Krista A. Thompson (Ph.D., 2002, Emory University; Associate Professor) teaches courses on the arts of the African diaspora, critical race theory, visual cultures of colonialism and postcoloniality, and global histories of photography, as well as courses on contemporary Caribbean and African art.  She is the author of An Eye for the Tropics: Tourism, Photography, and Framing the Caribbean Picturesque  (Duke University Press, 2006), an examination of the colonial imaging of the Anglophone Caribbean in photographs and its effects on landscape, history, race, governmentality, and contemporary art.  Thompson has published in Art Bulletin, American Art, The Drama Review, and Small Axe (where she serves on the editorial collective). She is co-editor, with Huey Copeland and Darcy Grimaldo Grigsby, of a special issue of Representations on New World Slavery and the Visual Imagination (Winter 2011). She is currently working on a book titled The Visual Economy of Light in African Diasporic Practice on visual culture and black urban youth in the Caribbean and United States, which is forthcoming from Duke University Press. The publication investigates the intersections among vernacular forms of photography, performance, and contemporary art.  Thompson has received postdoctoral fellowships from the J. Paul Getty Foundation (2008), the Institute for the Humanities, University of Illinois, Chicago (2004), and the David C. Driskell Center for the Study of the African Diaspora (2003).  In 2009, Thompson received the David C. Driskell Prize from the High Museum of Art in Atlanta, Georgia, which recognizes “original and important contributions to the field of African-American art or art history.”

Current Research

The Visual Economy of Light in African Diasporic Practice

The book length study of contemporary visual practices of black urban youth in the northern Caribbean and southern United States charts new visual modalities of African diasporic formation and novel reformulations of representation.
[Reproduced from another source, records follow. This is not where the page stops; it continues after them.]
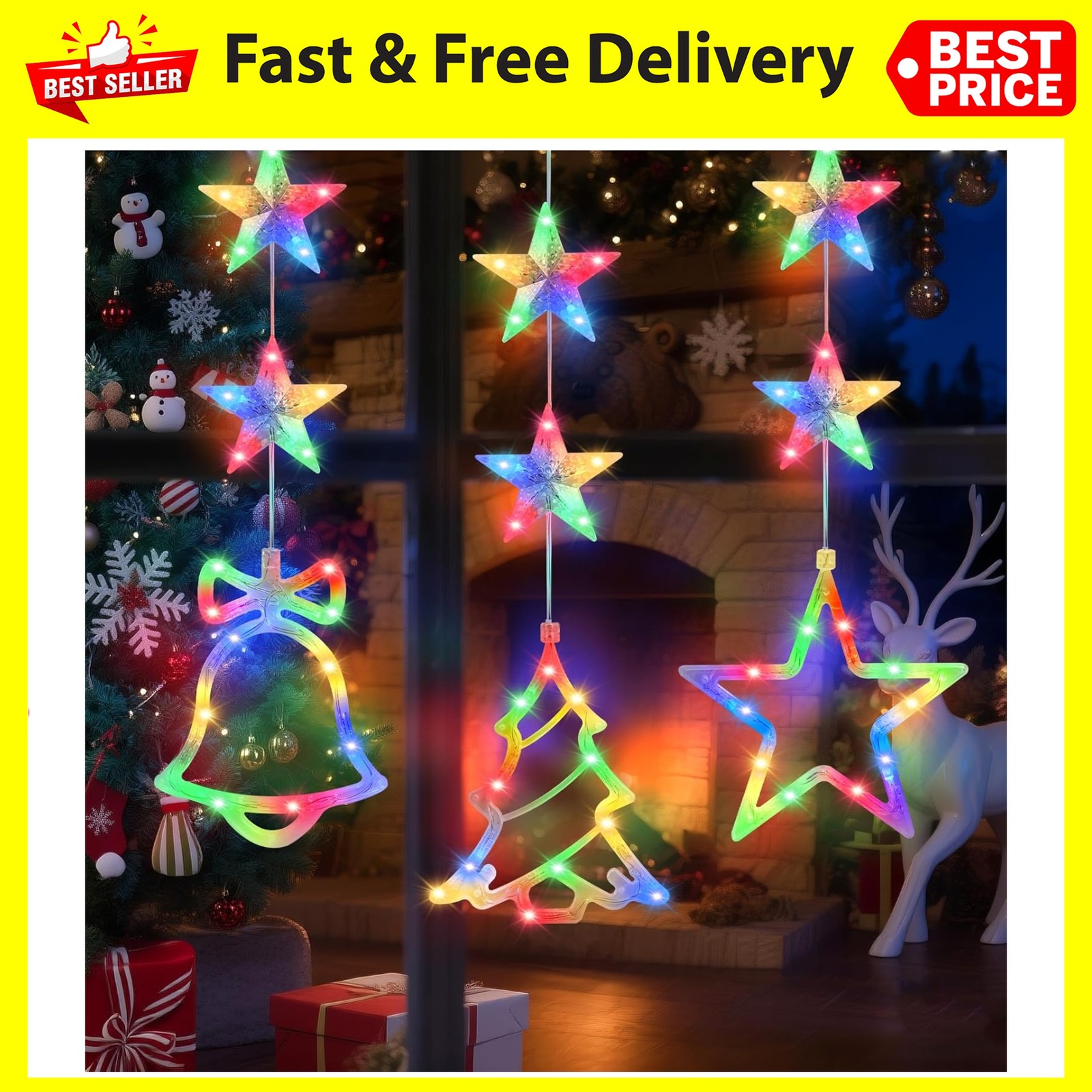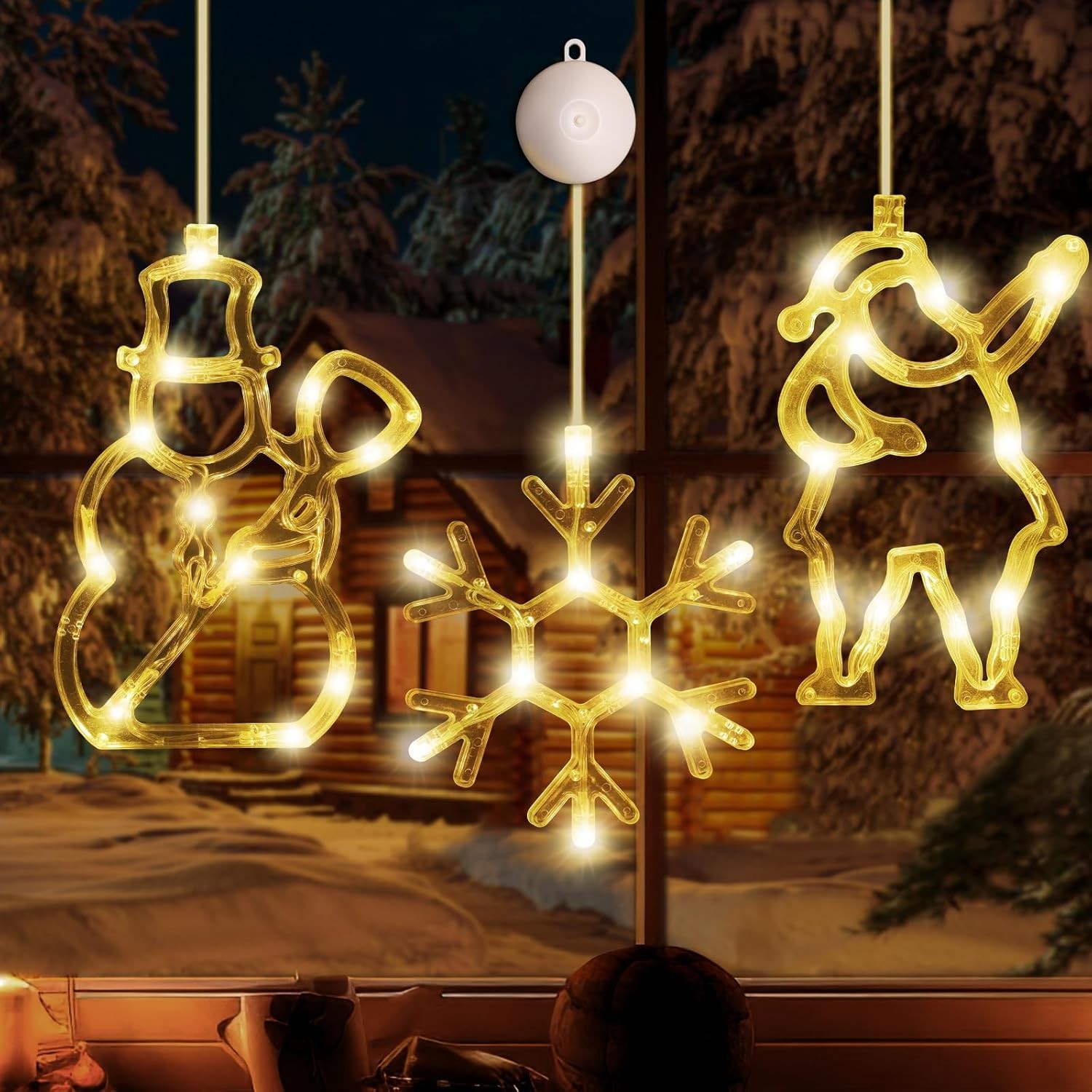 3PCS Christmas Lights, LED Window Lights with Suction Cups, Battery Type Christ
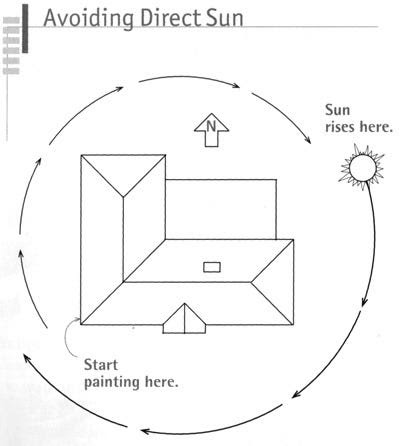 Avoid the sun around the house as you paint so that you apply paint in the shade if possible. Paint applied in full sunlight is more likely to blister later.
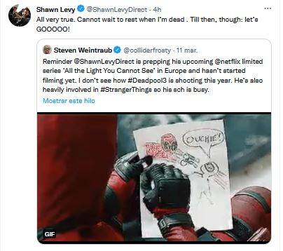 Lo cierto es que después de Free Guy y The Adam Project, Reynolds quiere seguir trabajando junto a Levy, responsable de films muy taquilleros como Real Steel, Just Married y series muy vistas como Stranger Things, y por eso publicó un tweet que despertó suspicacias.
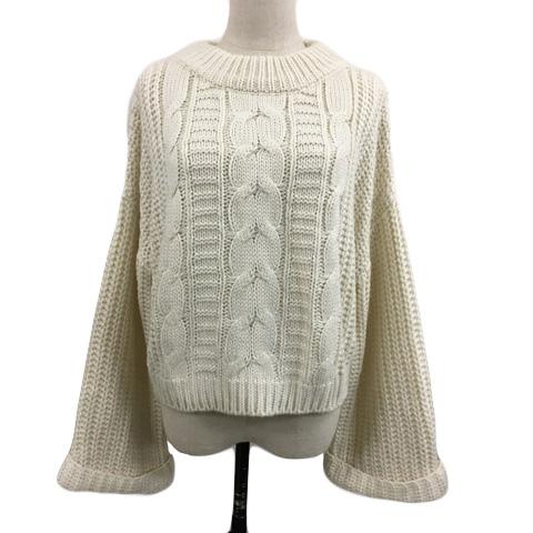 【中古】ダブルクローゼット セーター ニット プルオーバー モックネック ケーブル編み 長袖 F 白 ベージュ
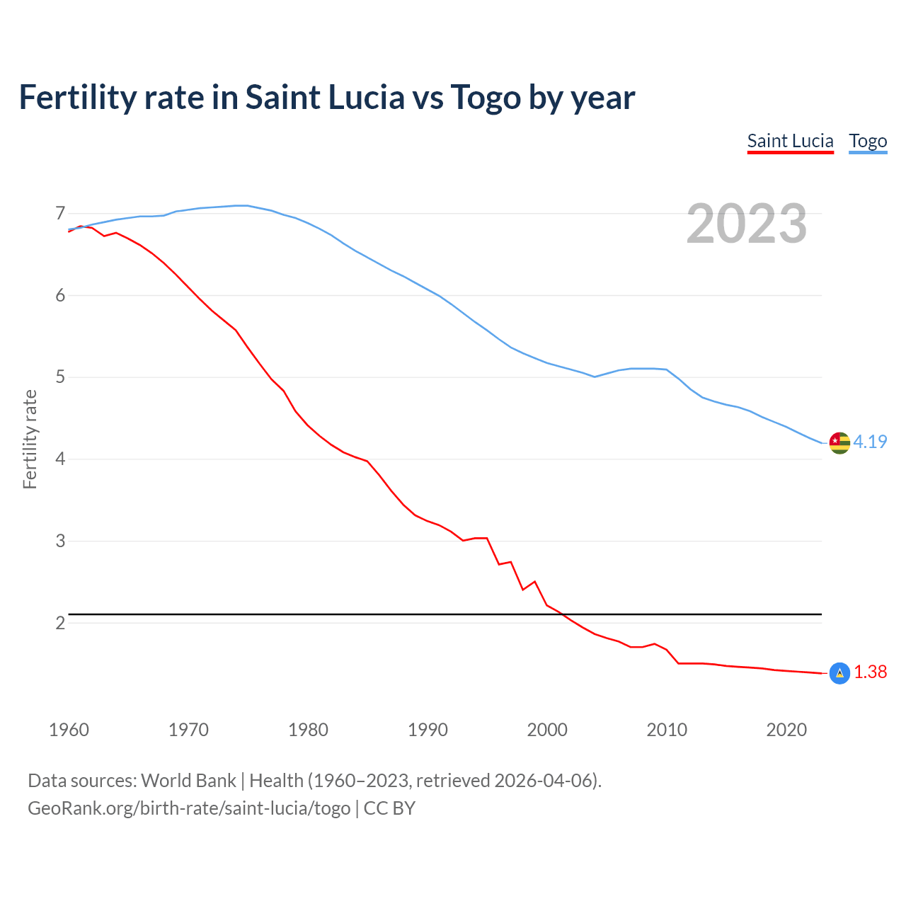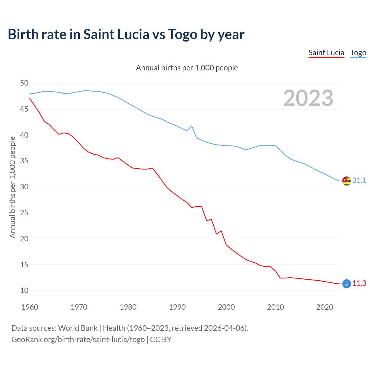 GeoRank.org/birth-rate/saint-lucia/togo | CC BY

The book illuminates how black youth from across the circum-Caribbean engage in performances of visibility, practices that are about being seen and, more specifically, being seen in the process of being represented.  Light, or its simulation, is intrinsic to these expressions, whether in Kingston’s dancehalls, Nassau’s proms or street festivals in the southern Unites States.  The book considers how these practices shed light on how race, class, color, and respectability inform social visibility in postcolonial and post civil rights societies. This first scholarly investigation of black vernacular visual practices in the United States and the Caribbean adds to art historical considerations by documenting how the very meaning of representation has been reconfigured in these practices in which the visual mechanics of being seen - light, cameras, and backdrops - have become their own form of representation.

 

Exhibitions

2008 - Curator

Developing Blackness: Studio Photographs of “Over the Hill” Nassau in the

Independence Era. Nassau, Bahamas: The National Art Gallery of the Bahamas 

2007 - Co-Organizer

An Account of a Voyage to Jamaica with the Unnatural History of That Place.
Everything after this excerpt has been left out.